Clinton’s team laughed off Trump’s nomination speech. Yet her pollster John Anzalone and his team were stunned to find out that dial groups of swing state voters monitored during the speech “spiked” the darker the GOP nominee got, according to a staffer privy to the data.

The article also criticizes Clinton’s decision to essentially take time off in August and let Trump come back, as well as her decision not to campaign more in the rust belt, which was always touted as Trump’s only path to victory:

Jake Sullivan, Clinton’s policy director—a brainy and nervous former State Department aide who took on an increasingly important political role as the campaign ground on—was the only one in Clinton’s inner circle who kept saying she would likely lose, despite the sanguine polling, according to his friends. He was also the only one of the dozen aides who dialed in for Clinton’s daily scheduling call who kept on asking if it wasn’t a good idea for her to spend more time in the Midwestern swing states in the closing days of the campaign.

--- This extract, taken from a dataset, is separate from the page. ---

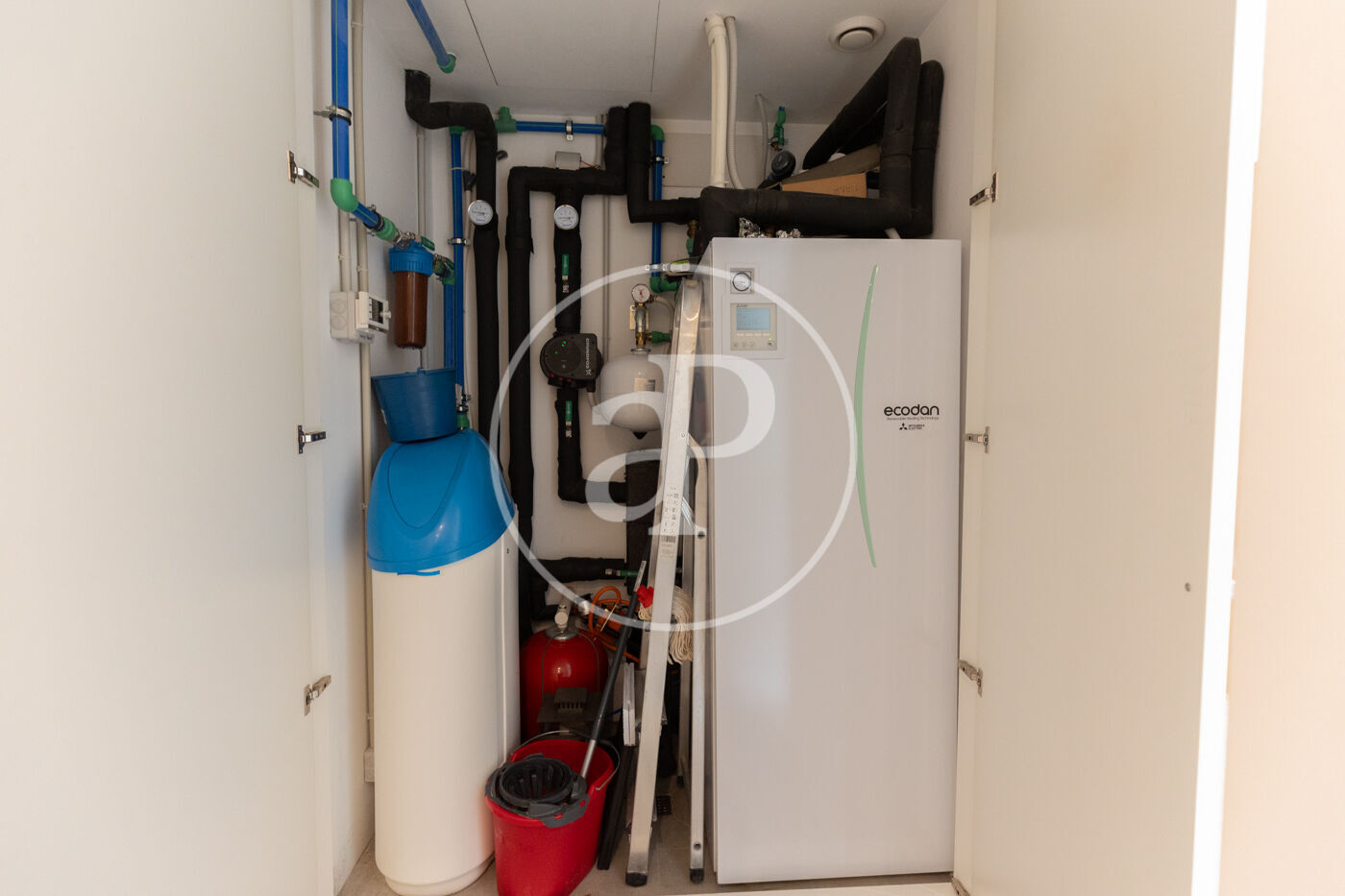 aProperties oferix este elegant àtic dúplex situat en un exclusiu complex residencial que compta amb tots els servicis i gaudix d’una ubicació privilegiada, a pocs minuts de la Ciutat de les Arts i les Ciències, l’antic llit del riu Túria, centres comercials i zones esportives. L’habitatge disposa d’una superfície construïda de 175 m², dels quals 119 m² corresponen a superfície útil, segons informació cadastral. Distribuït en dos plantes (11a i 12a), este àtic destaca per la seua lluminositat i excel·lent distribució. A la planta principal trobem un ampli saló-menjador amb eixida a un balcó de 10 m², una cuina office completament equipada amb galeria, un dormitori principal amb bany en suite i armaris encastats, tres dormitoris addicionals també amb armaris encastats i dos banys complets. A la planta superior, la propietat oferix una àmplia terrassa d’aproximadament 30 m², perfecta per a relaxar-se a l’aire lliure i gaudir de les vistes. Els acabats són d’alta qualitat: fusteria exterior d’alumini lacat en marró fosc amb vidre Climalit, sistema de climatització per conductes fred/calor, sòls de marbre i fusteria interior de fusta en excel·lent estat. El complex residencial disposa de vigilància 24 hores, piscina, zona infantil, jardins i una plaça de garatge inclosa en el preu. Situat en una de les zones més atractives i amb més projecció de València, l’immoble gaudix d’orientació est-oest i vistes diàfanes cap al port i la Ciutat de les Arts i les Ciències. En l’entorn es troben tot tipus de servicis: restaurants, entitats bancàries, col·legis, transport públic, i està a tan sols 10 minuts en cotxe de la platja. Per a més informació sobre esta propietat, no dubte a posar-se en contacte amb nosaltres. Estarem encantats d’atendre’l.

His suggestion wasn’t rejected; it never got that far because nobody else on the call thought it was a good idea. They spent far more time debating whether or not Clinton should visit Texas and Arizona, two states they knew she had little chance of winning, in order to get good press.

There are other good post-mortems on the election out there, particularly David Roberts’ recent piece at Vox, and political junkies could spend hours reading and debating.

But as the analysis settles, we’ll have to address the consequences of this election on national policy. And given the direction so far (to say nothing of the campaign trail rhetoric), they’re likely to be massive.